START Dataset excerpt

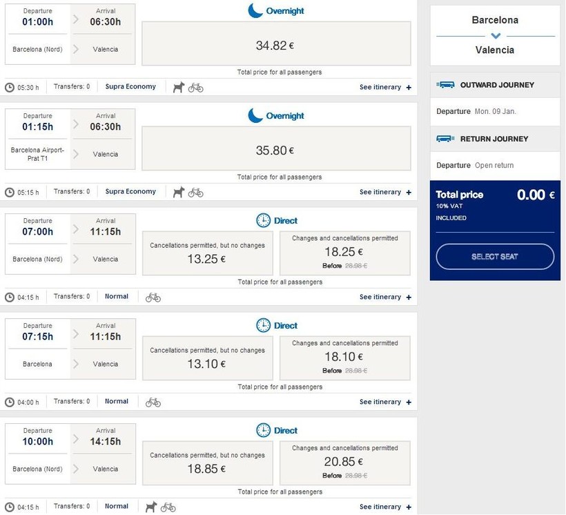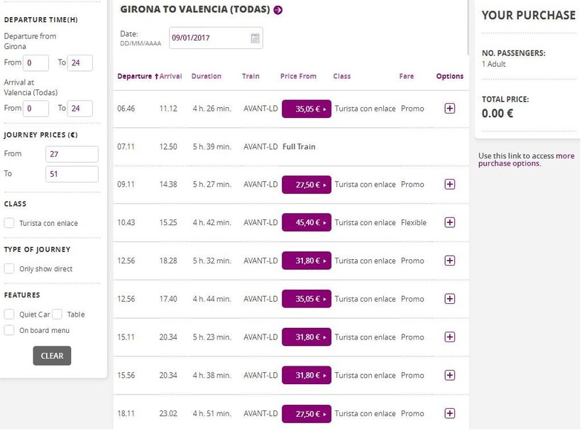На сайте испанских железных дорог подобраны варианты рейсов с одной пересадкой в BARCELONA-SANTS. Главное, не забывать о том, что в Барселоне несколько вокзалов, и выйти там, где нужно, поскольку следующий поезд отправляется именно со станции SANTS. С ЖД вокзала Жироны на Plaça Espanya ежедневно отходят составы, начиная с 06:46 и заканчивая 18:11. Интервал в их движении – от 25 мин до 2 ч 15 мин. Время в пути, включая перерыв на пересадку, составляет от 4,5 до 5,5 часов. При выборе нужного вам рейса обращайте внимание на станцию прибытия в Валенсии. Одни поезда приезжают на вокзал JOAQUIN SOROLLA (Carrer de Sant Vicent Màrtir, 171), а другие – на ESTACIO DEL NORD (Carrer d'Alacant, 25). Во время подготовки к поездке можно изучить и статью о ЖД Испании, в которой также рассказано подробно и про типы поездов. Из Жироны в Валенсию ходят составы AVANT и LD.
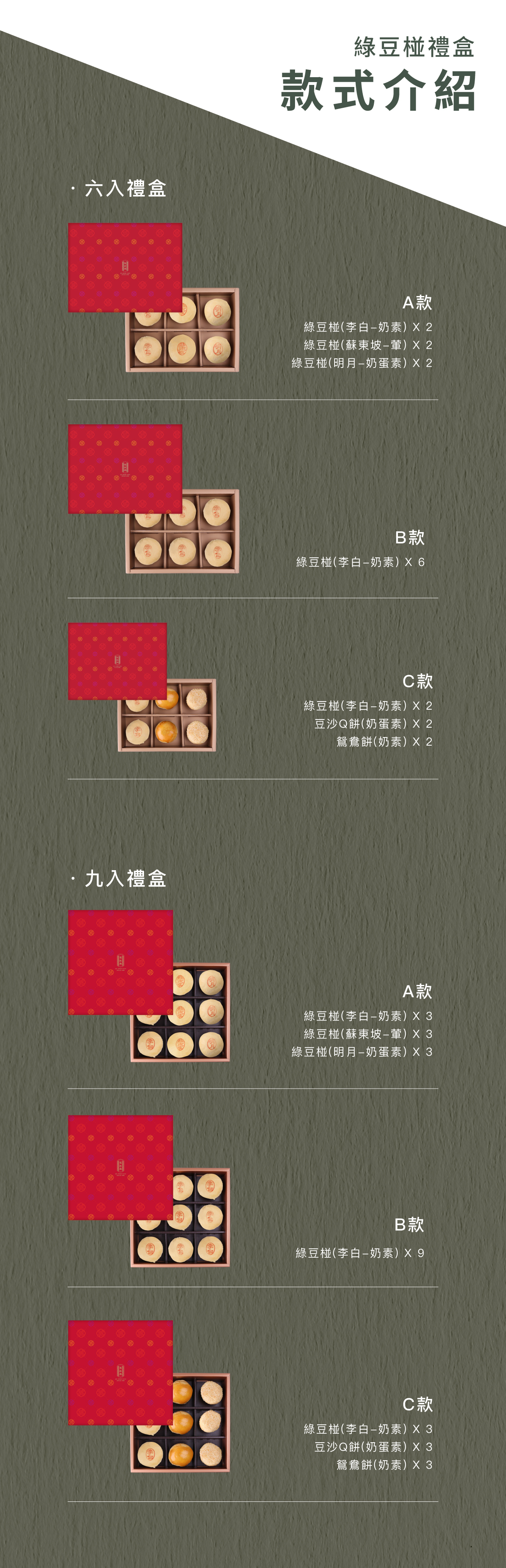 ・人氣口味綠豆椪搭配而成的綜合禮盒
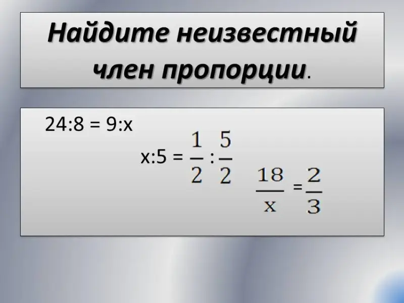 7) Найдите неизвестный член пропорции: 24:8=9:х, х:5=1/2:5/2, 18/х=2/3.

END Dataset excerpt

#### Work task
Would you copy out all the data exactly, without the images?

#### Solved exercise
На сайте испанских железных дорог подобраны варианты рейсов с одной пересадкой в BARCELONA-SANTS. Главное, не забывать о том, что в Барселоне несколько вокзалов, и выйти там, где нужно, поскольку следующий поезд отправляется именно со станции SANTS. С ЖД вокзала Жироны на Plaça Espanya ежедневно отходят составы, начиная с 06:46 и заканчивая 18:11. Интервал в их движении – от 25 мин до 2 ч 15 мин. Время в пути, включая перерыв на пересадку, составляет от 4,5 до 5,5 часов. При выборе нужного вам рейса обращайте внимание на станцию прибытия в Валенсии. Одни поезда приезжают на вокзал JOAQUIN SOROLLA (Carrer de Sant Vicent Màrtir, 171), а другие – на ESTACIO DEL NORD (Carrer d'Alacant, 25). Во время подготовки к поездке можно изучить и статью о ЖД Испании, в которой также рассказано подробно и про типы поездов. Из Жироны в Валенсию ходят составы AVANT и LD.
 ・人氣口味綠豆椪搭配而成的綜合禮盒
 7) Найдите неизвестный член пропорции: 24:8=9:х, х:5=1/2:5/2, 18/х=2/3.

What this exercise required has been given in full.